True but a 1 cm long trace that is a molecule in width would have a very high resistance. A 1X1X1 cube would be dramatically less. The measure is actually called "volume resistivity".
http://www.astm.org/Standards/D2739.htm
http://composite.about.com/library/glossary/v/bldef-v5988.htm

At any rate, this epoxy has high resistance compared to solder and in a high current situation will overheat and melt.

Rick.


----------



## saabluster (Feb 8, 2009)

rpage53 said:


> True but a 1 cm long trace that is a molecule in width would have a very high resistance. A 1X1X1 cube would be dramatically less. The measure is actually called "volume resistivity".
> 
> At any rate, this epoxy has high resistance compared to solder and in a high current situation will overheat and melt.
> 
> Rick.


How about this one?


----------



## LLCoolBeans (Feb 8, 2009)

rpage53 said:


> At any rate, this epoxy has high resistance compared to solder and in a high current situation will overheat and melt.
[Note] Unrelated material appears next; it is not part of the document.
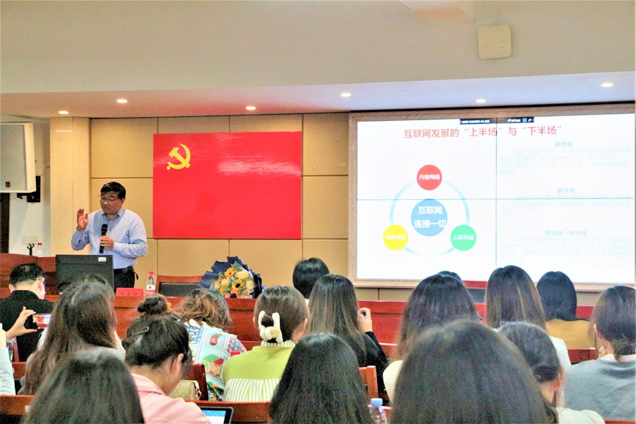 4月14日,教育部长江学者特聘教授、第七届国务院学位委员会新闻传播学学科评议组成员、北京师范大学新闻传播学院学术委员会主任、中国新闻史学会传媒经济与管理专业委员会理事长喻国明教授应邀来校,为广大师生作了“元宇宙、AIGC与传播革命”的学术讲座。讲座由JIUYOU.COM九游娱乐(中国)官网副院长袁星洁主持。

What do you consider a high current situation to be?


----------



## rpage53 (Feb 8, 2009)

LLCoolBeans said:


> What do you consider a high current situation to be?
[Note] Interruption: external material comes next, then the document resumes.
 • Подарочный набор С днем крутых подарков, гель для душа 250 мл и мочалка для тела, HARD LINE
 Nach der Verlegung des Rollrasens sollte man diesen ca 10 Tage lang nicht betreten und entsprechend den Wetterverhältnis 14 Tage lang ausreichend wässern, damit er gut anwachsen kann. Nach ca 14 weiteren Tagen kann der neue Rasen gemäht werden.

That completely depends on how thick the epoxy is. If you are using it for gap-filling then 1A is probably too high. If you read the specs of the data sheet you just posted, they recommend a very thin layer. "The cured bondline should be 0.8 to 1.2 mils"
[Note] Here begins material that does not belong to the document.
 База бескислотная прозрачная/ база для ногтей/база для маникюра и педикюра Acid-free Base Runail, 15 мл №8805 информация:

Mind you, high current mods have frequently melted the soldered components if you don't have an excellent heat sink.

Rick.


----------



## LLCoolBeans (Feb 8, 2009)

rpage53 said:


> That completely depends on how thick the epoxy is. If you are using it for gap-filling then 1A is probably too high. If you read the specs of the data sheet you just posted, they recommend a very thin layer. "The cured bondline should be 0.8 to 1.2 mils"
> 
> Mind you, high current mods have frequently melted the soldered components if you don't have an excellent heat sink.
> 
> Rick.



That's good to know. Still, I think it will be handy for conductive joints where soldering would be difficult or unfeasible.


----------



## Blindasabat (Feb 9, 2009)

So would a wire one molecule thick. Take anything to an extreme like that and the "normal" specs go out the window. 
Any two stretches of wire, one twice the diameter of the other (thus 4x the volume), will have the same measureable voltage drop and happily carry the same current... until you start to overwhelm the smaller wire and it begins to heat up and turn into a heating element. Then you have to go to volume resistivity to design your toaster oven. 
Within the parameters they set, they are calling out a resistance over a distance, not volume. The user always has to use a little common sense regarding the resistance. I do agree that it is more resistive than solder, and therefore not for high current applications, and the R/cm states that. 
If they spec'ed R/cc, then they would have to include parameters determining when you jump from R/cm to R/cc like complex geometry contraints since just adding a bigger blob of epoxy on top of an existing joint will not lower the resistance in proportion to the volume of epoxy added. The goemetry is different than the ideal volume resistivity measured between two flat plates in a lab. 
In any reasonable case R/cm is a more useful measure. If it cooks, then you do the same as you would if you cooked a thin wire - replace it with something else more capable. Which in this case could be better epoxy like saabluster referenced, or to solder if it compared better than 6 micro-Ohm-cm Diemat.


rpage53 said:


> True but a 1 cm long trace that is a molecule in width would have a very high resistance. A 1X1X1 cube would be dramatically less. The measure is actually called "volume resistivity".
> 
> http://composite.about.com/library/glossary/v/bldef-v5988.htm
> 
> ...


----------



## Blindasabat (Feb 9, 2009)

WHERE do I get some of THAT?


saabluster said:


> How about this one?


----------